**Instructions for the task**
What are the lines from the one with "Scan tester, if" through the end of the records below, written out exactly and without the pictures?

**The input**
BEGIN

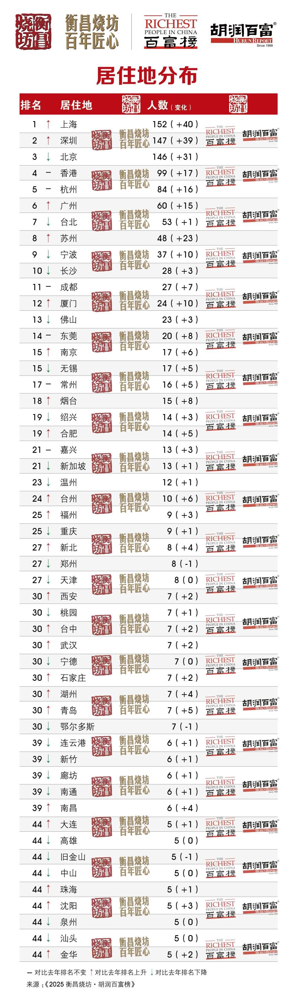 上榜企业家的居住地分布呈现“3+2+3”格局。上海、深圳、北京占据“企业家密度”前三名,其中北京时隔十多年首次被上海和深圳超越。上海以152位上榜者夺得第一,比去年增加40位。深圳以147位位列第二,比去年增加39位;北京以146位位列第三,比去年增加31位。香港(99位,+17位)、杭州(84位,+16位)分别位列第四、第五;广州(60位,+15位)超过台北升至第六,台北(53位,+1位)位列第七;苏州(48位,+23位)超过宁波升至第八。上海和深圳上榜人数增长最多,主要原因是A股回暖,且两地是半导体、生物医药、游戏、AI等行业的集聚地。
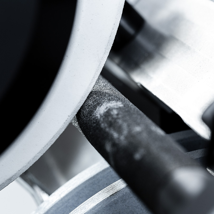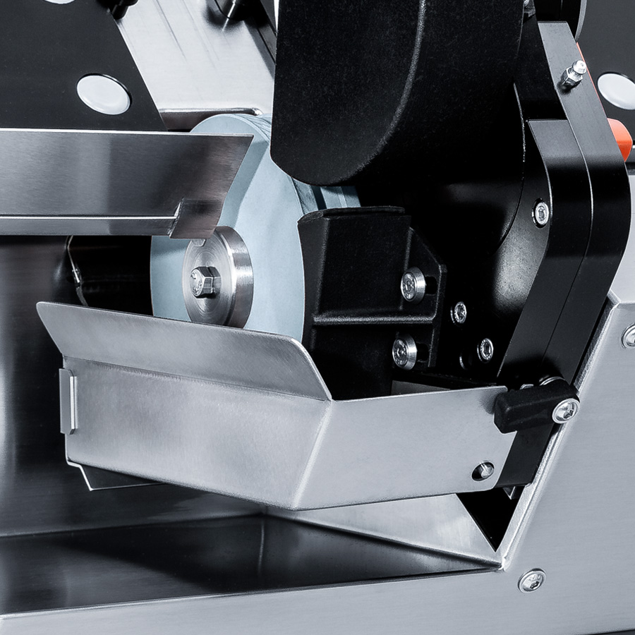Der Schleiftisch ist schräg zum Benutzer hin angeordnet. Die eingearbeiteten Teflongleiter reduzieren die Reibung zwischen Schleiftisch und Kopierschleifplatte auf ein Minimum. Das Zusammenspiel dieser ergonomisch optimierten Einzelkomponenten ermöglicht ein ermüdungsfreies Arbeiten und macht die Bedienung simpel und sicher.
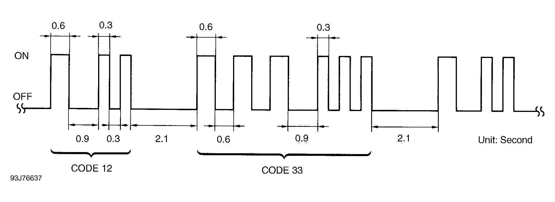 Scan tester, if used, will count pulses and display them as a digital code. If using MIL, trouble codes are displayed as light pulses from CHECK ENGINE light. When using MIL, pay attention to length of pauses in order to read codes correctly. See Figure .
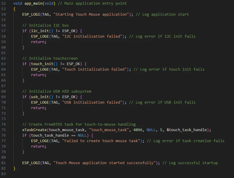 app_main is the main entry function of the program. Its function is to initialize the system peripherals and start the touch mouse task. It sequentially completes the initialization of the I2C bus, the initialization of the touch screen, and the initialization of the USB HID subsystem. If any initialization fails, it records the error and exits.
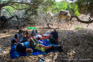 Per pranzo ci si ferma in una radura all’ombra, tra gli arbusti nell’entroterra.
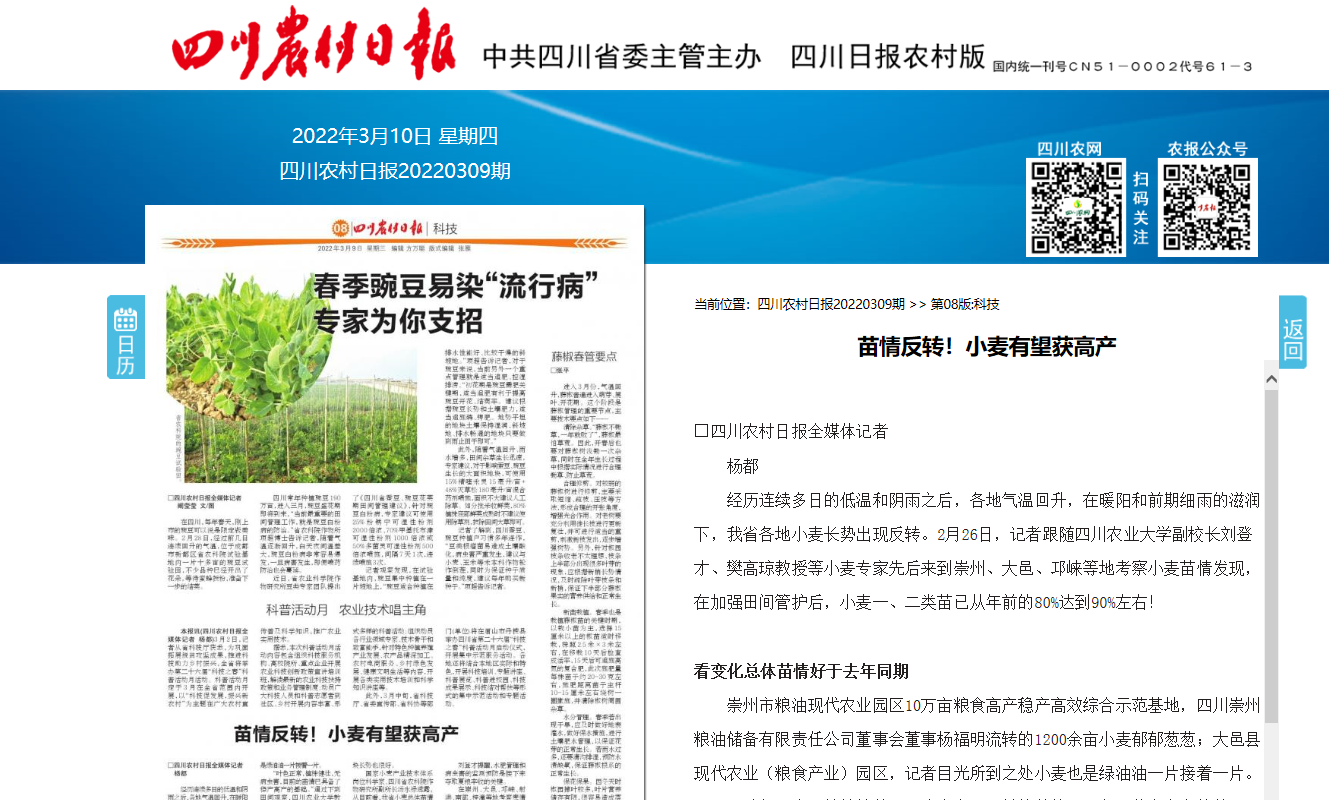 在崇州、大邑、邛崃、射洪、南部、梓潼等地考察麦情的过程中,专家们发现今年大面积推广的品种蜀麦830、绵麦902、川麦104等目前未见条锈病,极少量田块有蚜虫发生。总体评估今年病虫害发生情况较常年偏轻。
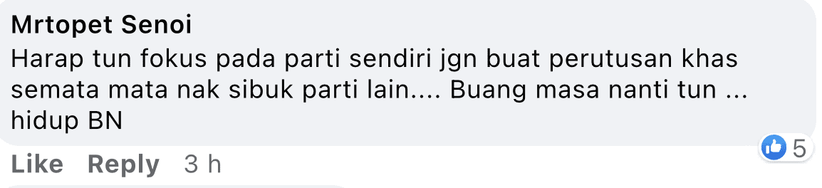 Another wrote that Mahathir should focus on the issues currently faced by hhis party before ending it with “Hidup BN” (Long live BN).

END

**Exercise solution**
 Scan tester, if used, will count pulses and display them as a digital code. If using MIL, trouble codes are displayed as light pulses from CHECK ENGINE light. When using MIL, pay attention to length of pauses in order to read codes correctly. See Figure .
 app_main is the main entry function of the program. Its function is to initialize the system peripherals and start the touch mouse task. It sequentially completes the initialization of the I2C bus, the initialization of the touch screen, and the initialization of the USB HID subsystem. If any initialization fails, it records the error and exits.
 Per pranzo ci si ferma in una radura all’ombra, tra gli arbusti nell’entroterra.
 在崇州、大邑、邛崃、射洪、南部、梓潼等地考察麦情的过程中,专家们发现今年大面积推广的品种蜀麦830、绵麦902、川麦104等目前未见条锈病,极少量田块有蚜虫发生。总体评估今年病虫害发生情况较常年偏轻。
 Another wrote that Mahathir should focus on the issues currently faced by hhis party before ending it with “Hidup BN” (Long live BN).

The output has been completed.